Em meio a colossal obra do escritor russo Fiódor Dostoiévski, marcada por um realismo cáustico, onde questões existenciais são acompanhadas por uma aguda crítica da realidade social, um de seus contos escapa destas suas marcas, representando um "ponto fora da curva" em sua obra (perdão pelo uso deste jargão batido). Trata-se de O Crocodilo, escrito em 1864, onde o autor explora dois gêneros pouco desenvolvidos em sua obra: a comédia e o realismo fantástico.
A história se inicia em uma sofisticada galeria de lojas em São Petersburgo, onde o funcionário público Ivan Matviéitch é engolido vivo por um imenso crocodilo exposto à visitação. A partir deste acontecimento insólito, Dostoiévski inicia um de seus melhores e mais peculiares contos, que soube ainda magistralmente aliar uma fina critica social, através de sua sutil satirização do capitalismo.
Sua crítica mira tanto a velha ordem, através de uma sátira da burocracia das repartições públicas da antiga Rússia, quanto a nova ordem capitalista que começava a se instalar e abalava as tradições da sociedade russa. A penetração do capitalismo não diz respeito apenas ao conjunto de relações econômicas que comumente o caracterizam, mas também da imposição dos modos de vida europeus, provocando choques culturais e rupturas traumáticas, não necessariamente benignas como era vendida na concepção de progresso em voga na Rússia naquele período.
O crocodilo Fiódor Dostoiévski Editora 34 |
Qual é a propriedade fundamental do crocodilo? A resposta é clara: engolir gente. Como conseguir, então, pela disposição do crocodilo, que ele engula gente? A resposta é ainda mais clara: fazendo-o oco. (p.43)

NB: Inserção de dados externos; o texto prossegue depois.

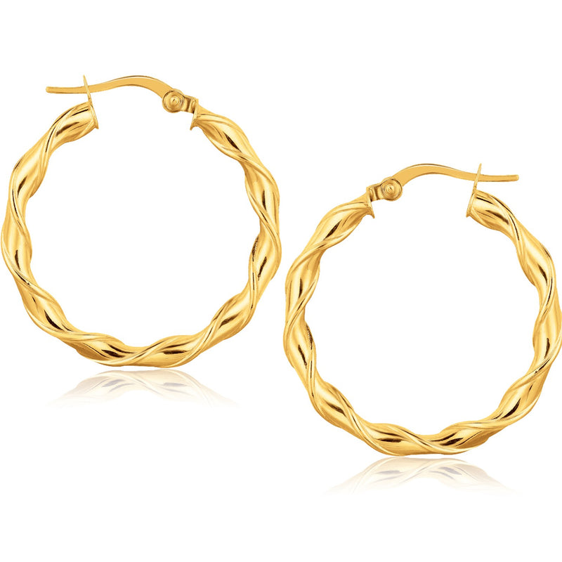 These twist hoop earrings are crafted in 14k yellow gold and measure 1 1/8 inch length and width, featuring a snap lock backing.

Não haveria, em sua essência, nada que impediria ao sistema engolir, devorar ao outro, mas mantendo-o vivo, incorporando a sua própria essência. O único custo seria os efeitos colaterais de suportar a digestão do crocodilo, contanto que mantenha-se uma postura passiva, que não atormenta-se ao réptil com movimentos bruscos e indesejáveis.
O humor percorre a todo o conto, e é este mesmo humor que torna sua crítica ainda mais contundente. Seu deboche ao eurocentrismo que dominava muitas mentes na Rússia é certeiro, como quando retrata a imprensa e sua apologética:
Todos sabem que somos progressistas e humanos, neste sentido, procuramos às carreiras alcançar a Europa. (p.59)
Esta frase, lida pelo personagem Siemión em um jornal, que também defendia em seus editoriais o quanto era importante atrair capitais estrangeiros para a Rússia, não deixa de ser uma forma de expor o quão desvairado poderia ser a busca por reproduzir os padrões europeus e seu otimismo acrítico.
O que é ainda mais notável neste conto, pelo fato dele jamais ter sido concluído por Dostoiévski , é que ele consegue "fechar" uma narrativa que mantêm-se instigante. Neste seu retrato onírico da sociedade russa, expõe a realidade através da poderosa arma crítica do riso.